Scalable Predictive Beamforming for IRS-Assisted Multi-User Communications: A Deep Learning Approach

TL;DR

This paper introduces a deep learning-based predictive beamforming framework for IRS-assisted multi-user systems that reduces channel estimation overhead and improves weighted sum-rate performance by leveraging historical channel features.

Contribution

The paper proposes a novel two-stage deep learning framework combining CLSTM-GNN and neural networks to predict IRS phase shifts and optimize beamforming without full CSI estimation.

Findings

Achieves higher weighted sum-rate than benchmarks.

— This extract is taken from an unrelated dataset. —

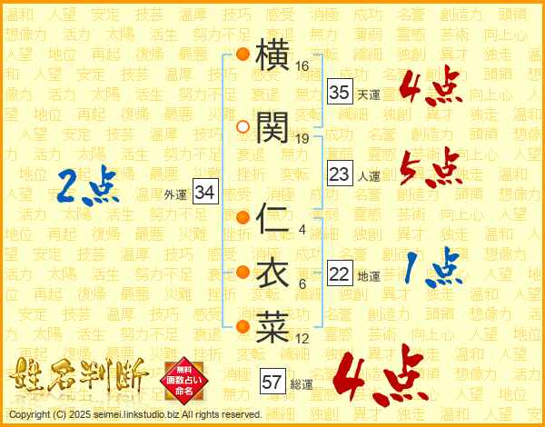 横(16画)関(19画) 仁(4画)衣(6画)菜(12画)

Reduces channel estimation overhead by a factor of 1/N.

Demonstrates high scalability and generalizability.

Abstract

Beamforming design for intelligent reflecting surface (IRS)-assisted multi-user communication (IRS-MUC) systems critically depends on the acquisition of accurate channel state information (CSI). However, channel estimation (CE) in IRS-MUC systems causes a large signaling overhead for training due to the large number of IRS elements. In this paper, taking into account user mobility, we adopt a deep learning (DL) approach to implicitly learn the historical line-of-sight (LoS) channel features and predict the IRS phase shifts to be adopted for the next time slot for maximization of the weighted sum-rate (WSR) of the IRS-MUC system. With the proposed predictive approach, we can avoid full-scale CSI estimation and facilitate low-dimensional CE for transmit beamforming design such that the signaling overhead is reduced by a scale of $\frac{1}{N}$, where $N$ is the number of IRS elements. To this end, we first develop a universal DL-based predictive beamforming (DLPB) framework featuring a two-stage predictive-instantaneous beamforming mechanism. As a realization of the developed framework, a location-aware convolutional long short-term memory (CLSTM) graph neural network (GNN) is developed to facilitate effective predictive beamforming at the IRS, where a CLSTM module is first adopted to exploit the spatial and temporal features of the considered channels and a GNN is then applied to empower the designed neural network with high scalability and generalizability. Furthermore, in the second stage, based on the predicted IRS phase shifts, an instantaneous CSI-aware fully-connected neural network is designed to optimize the transmit beamforming at the access point. Simulation results demonstrate that the proposed framework not only achieves a better WSR performance and requires a lower CE overhead compared with state-of-the-art benchmarks, but also is highly scalable in the numbers of users.